_Data:_
%%

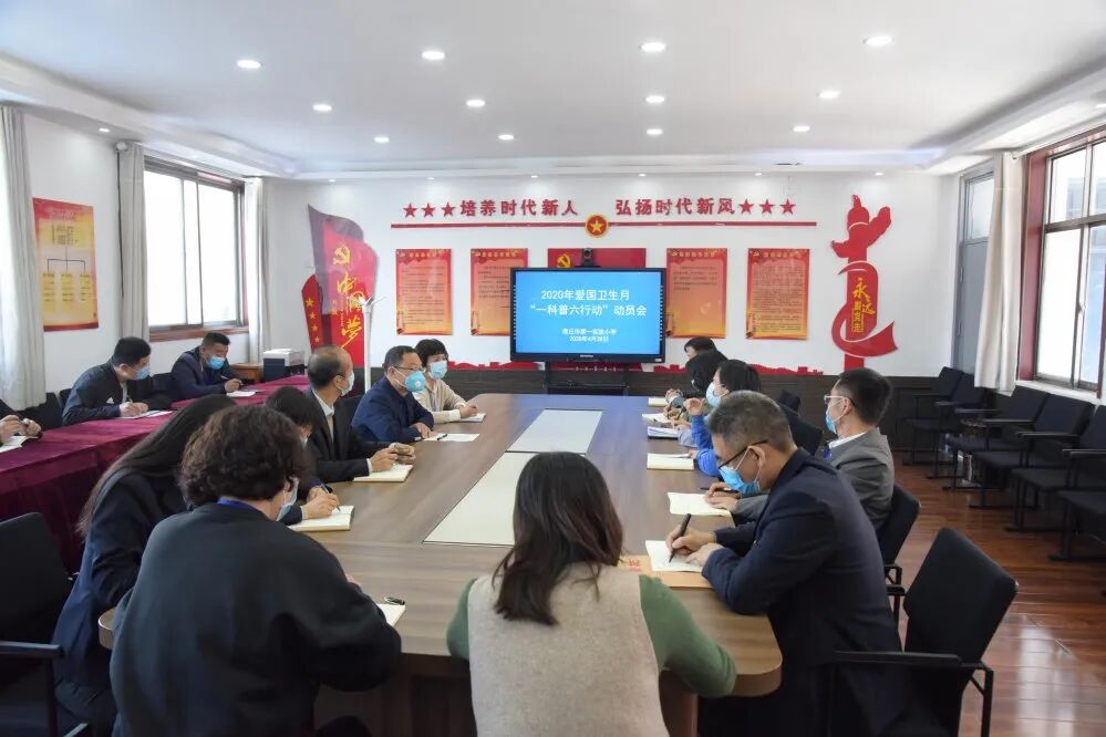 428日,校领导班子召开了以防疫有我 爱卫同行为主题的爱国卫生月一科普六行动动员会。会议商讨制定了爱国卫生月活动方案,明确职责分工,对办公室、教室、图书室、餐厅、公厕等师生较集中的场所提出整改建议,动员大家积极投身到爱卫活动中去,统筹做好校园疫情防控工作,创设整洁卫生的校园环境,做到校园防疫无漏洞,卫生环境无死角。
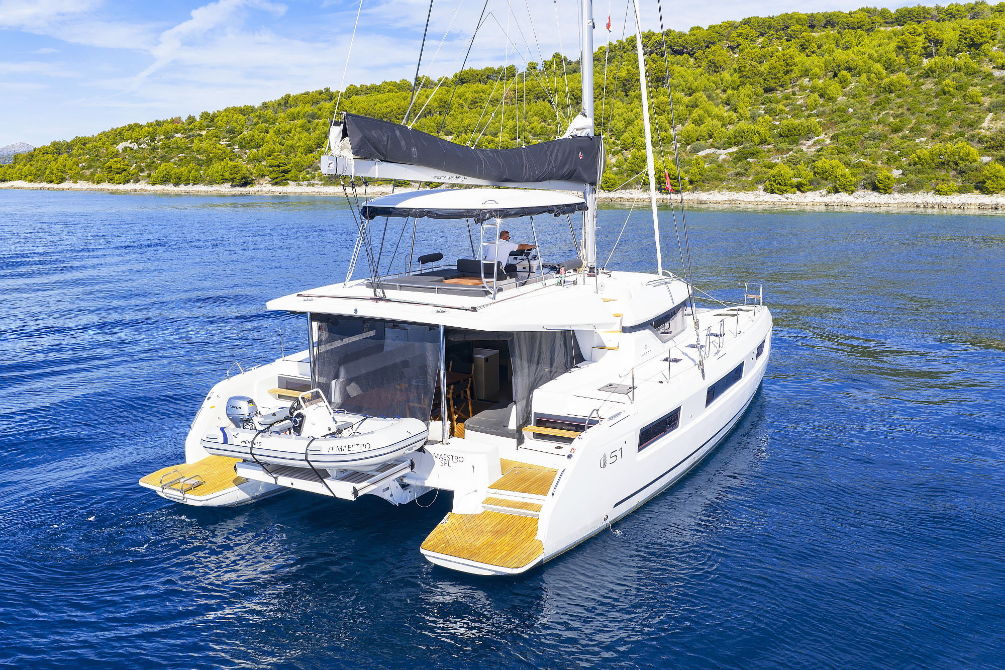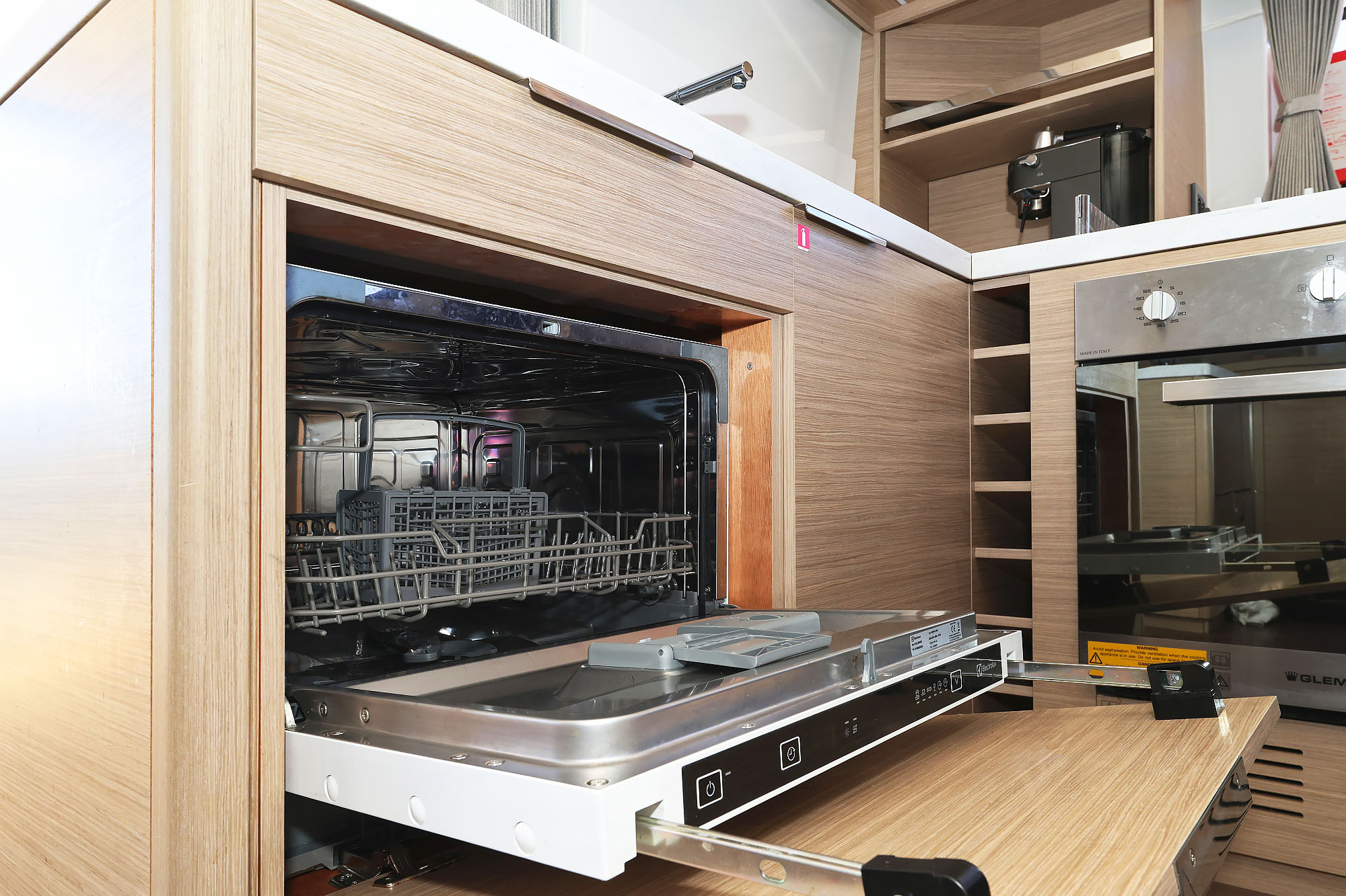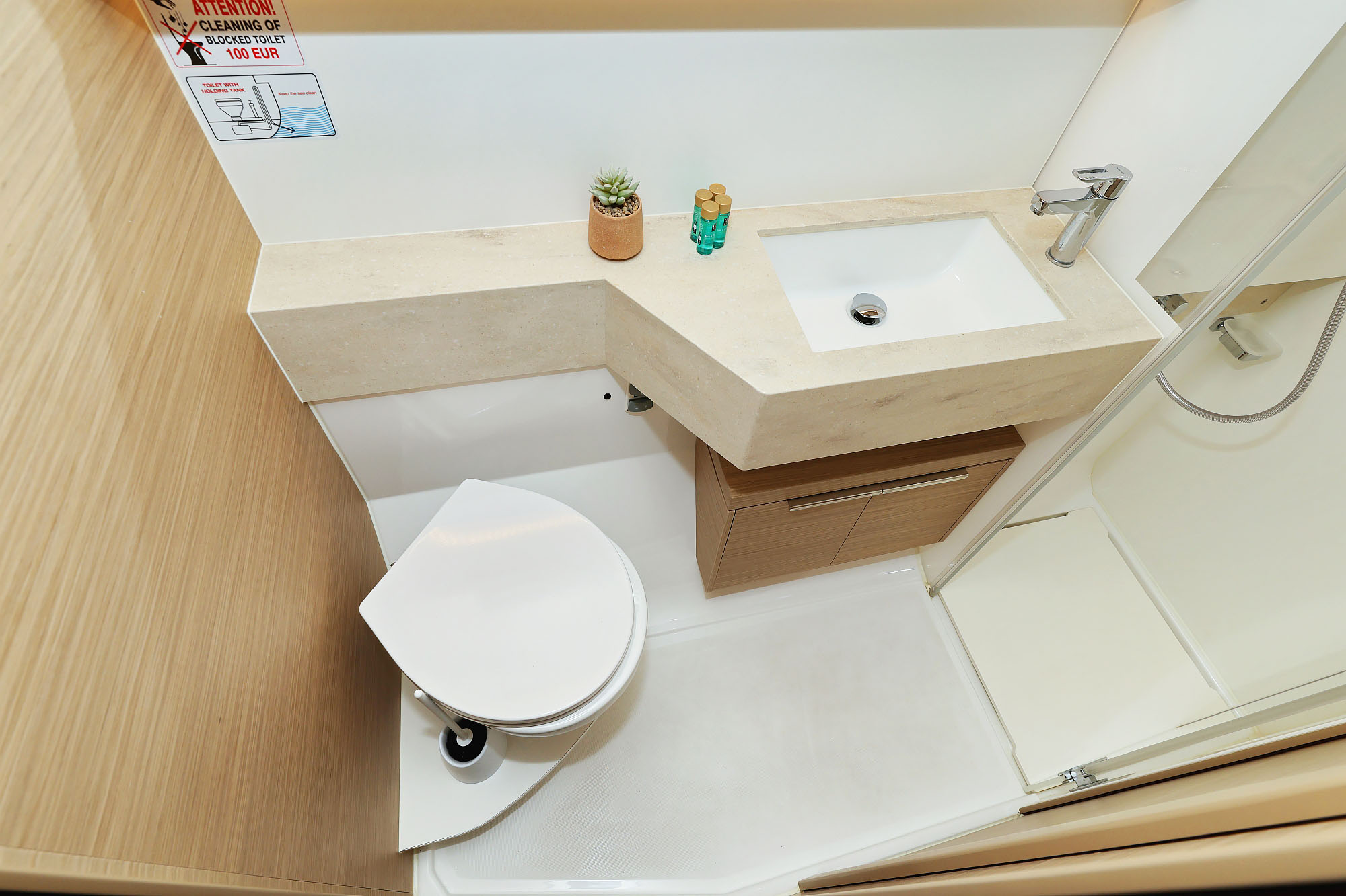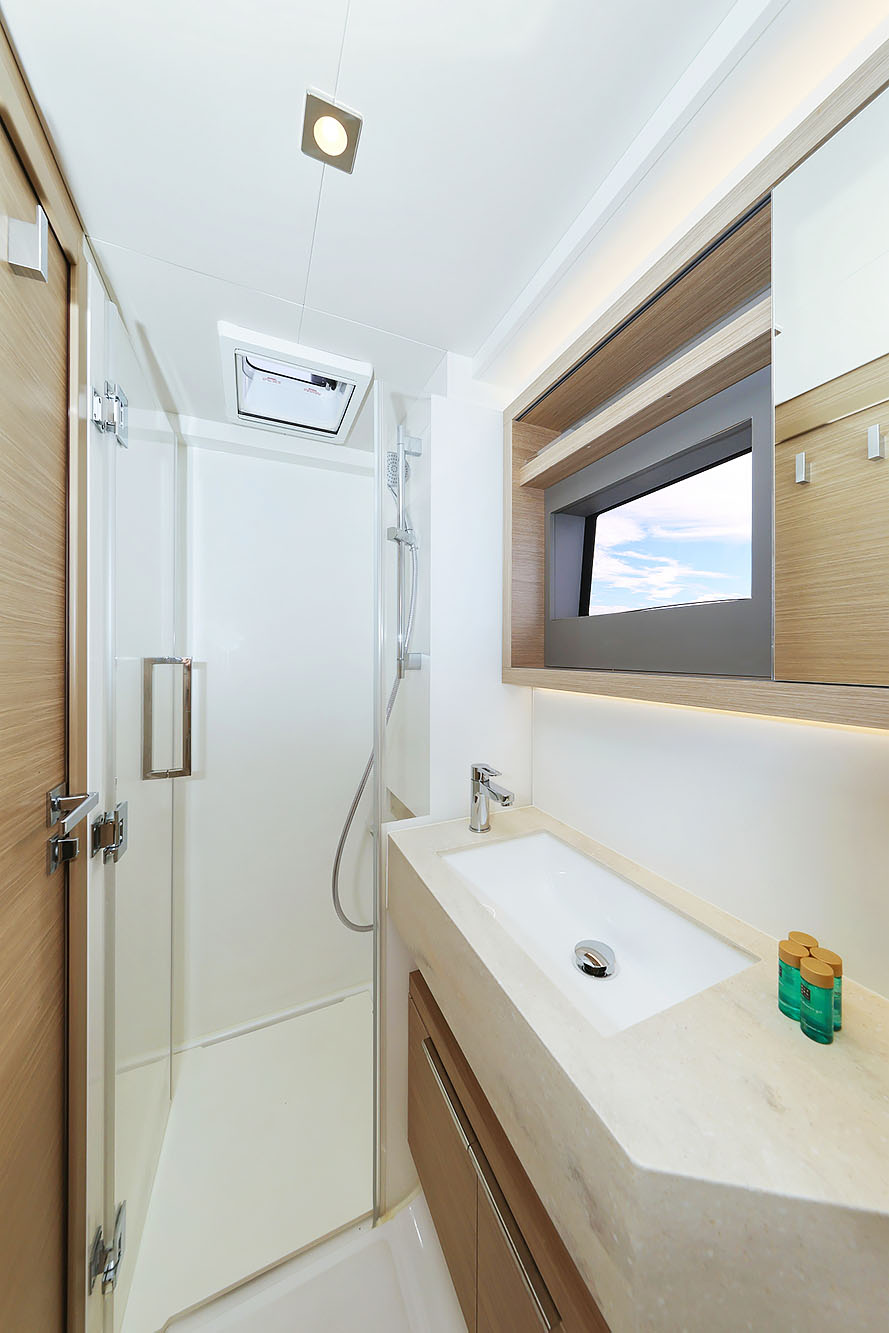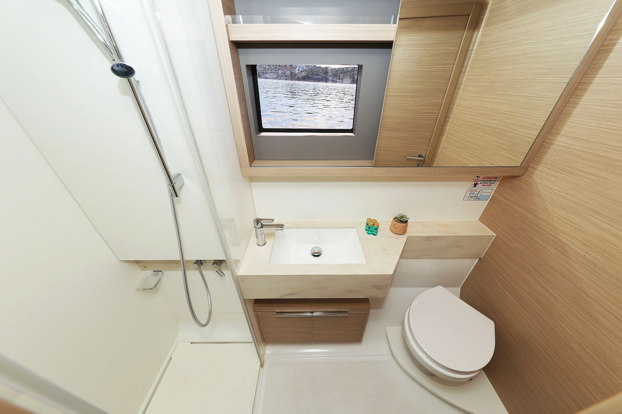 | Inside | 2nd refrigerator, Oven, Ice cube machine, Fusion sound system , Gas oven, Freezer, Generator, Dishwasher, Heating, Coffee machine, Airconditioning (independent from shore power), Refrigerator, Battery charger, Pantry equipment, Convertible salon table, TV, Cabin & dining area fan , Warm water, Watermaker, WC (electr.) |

%%
%%

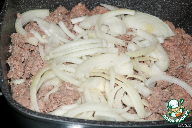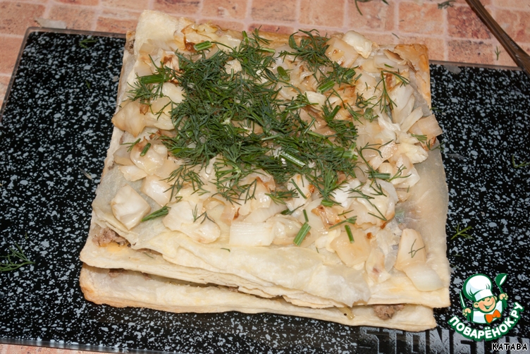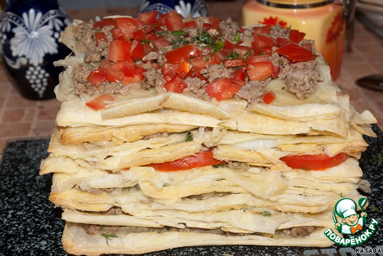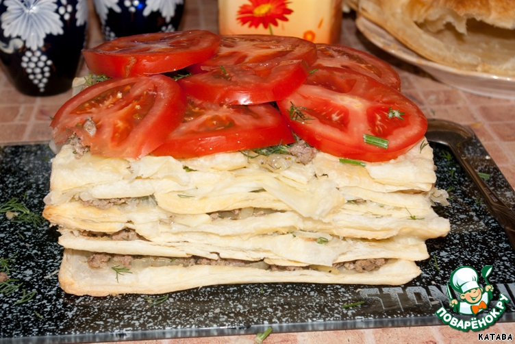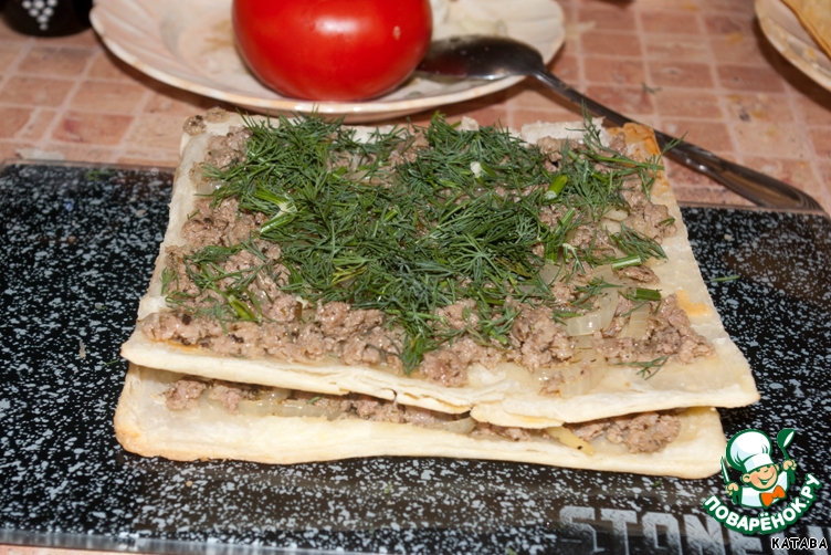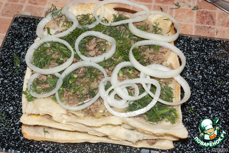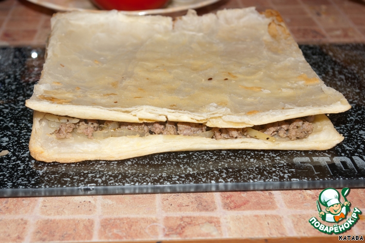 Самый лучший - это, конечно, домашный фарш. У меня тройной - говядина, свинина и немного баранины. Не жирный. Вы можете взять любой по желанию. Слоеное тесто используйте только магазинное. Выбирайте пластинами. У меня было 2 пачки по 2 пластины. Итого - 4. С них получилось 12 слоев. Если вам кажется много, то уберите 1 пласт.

%%

_Task instructions:_ Work from the entries above. Set down exactly and only the lines from the line with "428日,校领导班子召开了以" to the line with "WC (electr.) |", both included, and leave the pictures out.

_Your solution:_
 428日,校领导班子召开了以防疫有我 爱卫同行为主题的爱国卫生月一科普六行动动员会。会议商讨制定了爱国卫生月活动方案,明确职责分工,对办公室、教室、图书室、餐厅、公厕等师生较集中的场所提出整改建议,动员大家积极投身到爱卫活动中去,统筹做好校园疫情防控工作,创设整洁卫生的校园环境,做到校园防疫无漏洞,卫生环境无死角。
 | Inside | 2nd refrigerator, Oven, Ice cube machine, Fusion sound system , Gas oven, Freezer, Generator, Dishwasher, Heating, Coffee machine, Airconditioning (independent from shore power), Refrigerator, Battery charger, Pantry equipment, Convertible salon table, TV, Cabin & dining area fan , Warm water, Watermaker, WC (electr.) |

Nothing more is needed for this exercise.